That is not a soft approach. It is a demanding one. It requires us as practitioners to hold both things simultaneously: the reality and impact of harm that has been done, and the genuine openness that change is possible. Language is one of the tools that helps them do that, or makes it harder.
A Final Word
The words we use in this work travel. They travel from intake forms to team meetings, from case notes to court reports, from one practitioner to the next.

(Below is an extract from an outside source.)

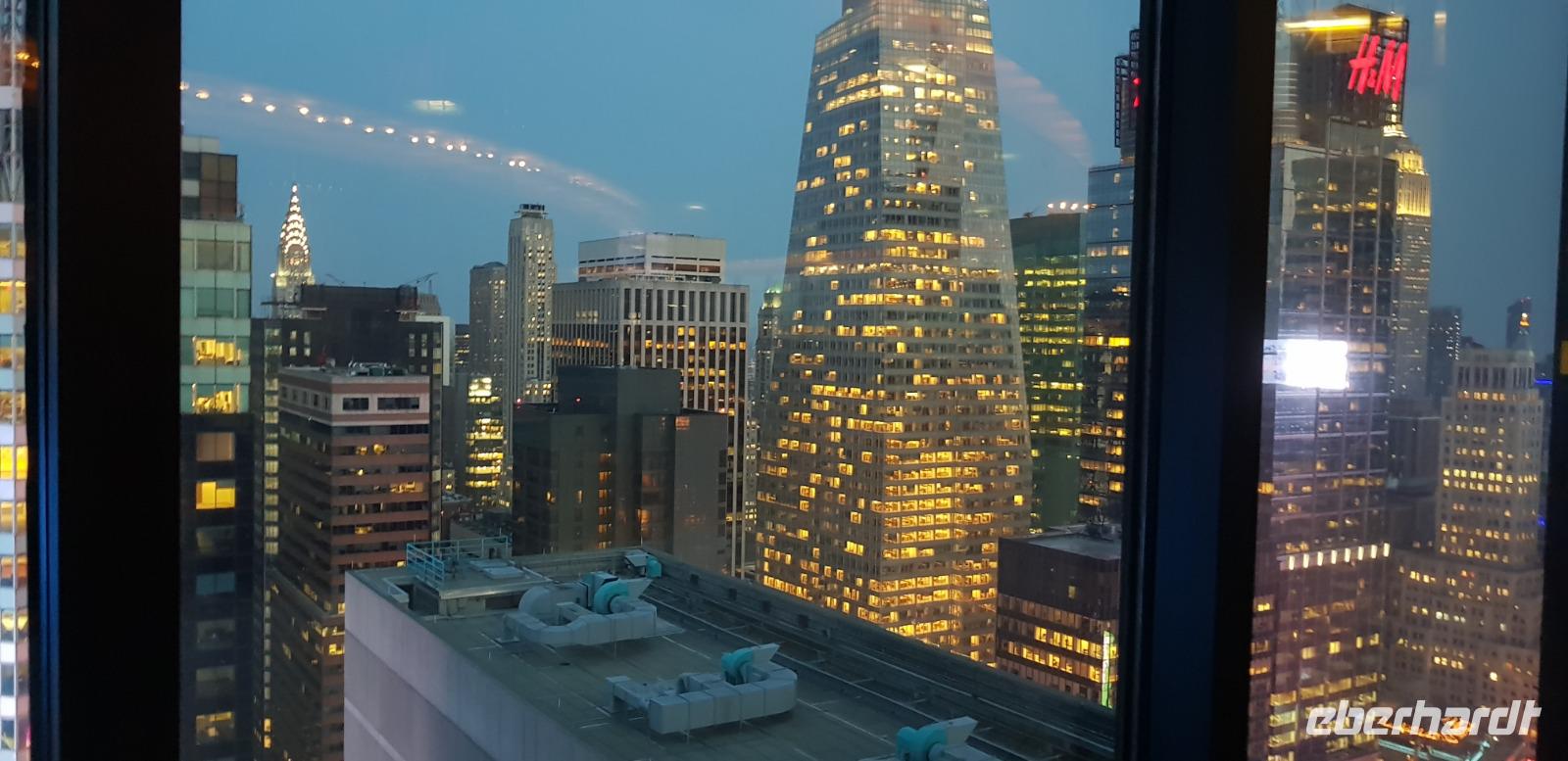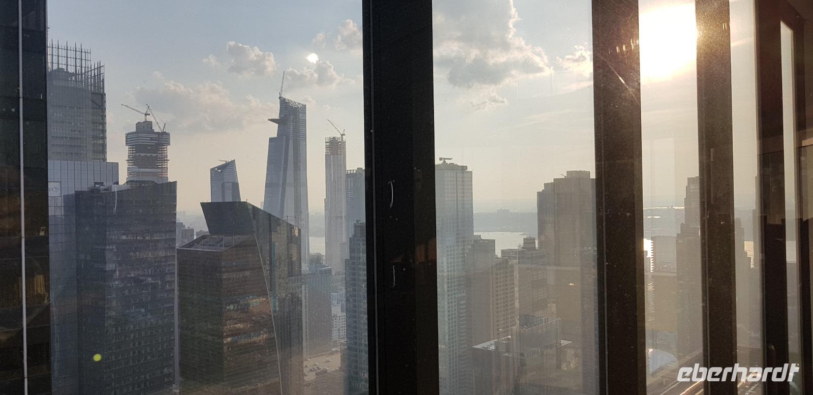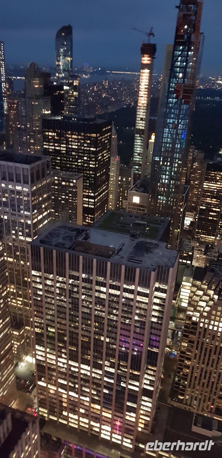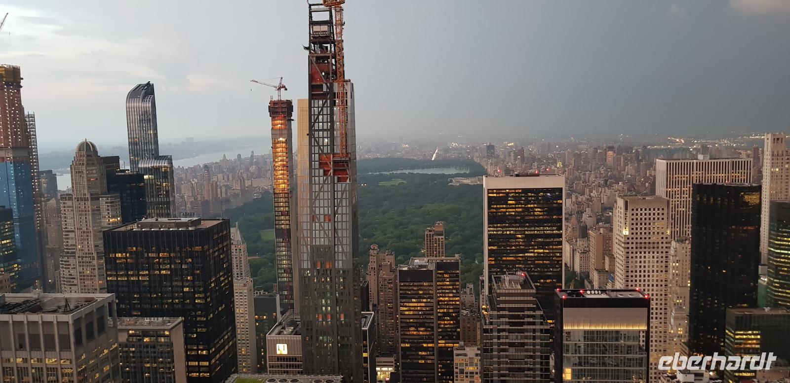 Am späten Nachmittag fuhren wir wieder mit der Subway zurück und besuchten noch die Aussichtsplattform „Top of the Rocks" im Rockefaller Center. Auch von hier war die Aussicht überwältigend. Jedoch begann es zu Donnern und Blitzen, was zu ganz besonderen Fotos führte. Als dann die Regenfront immer näher kam, schauten wir uns die Stadt weiter von drinnen an. Nichts desto trotz war es ein tolles Erlebnis.

They also travel inward, shaping how as practitioners we think about the people sitting across from us, and, in some cases, how those people think about themselves.
That is worth taking seriously, not as a reason to avoid naming harm clearly, but as a reason to be deliberate about the words we choose and what work we are asking them to do.
The man who was called five different things in that meeting deserved at least one of them to be about who he is, not just what he has done.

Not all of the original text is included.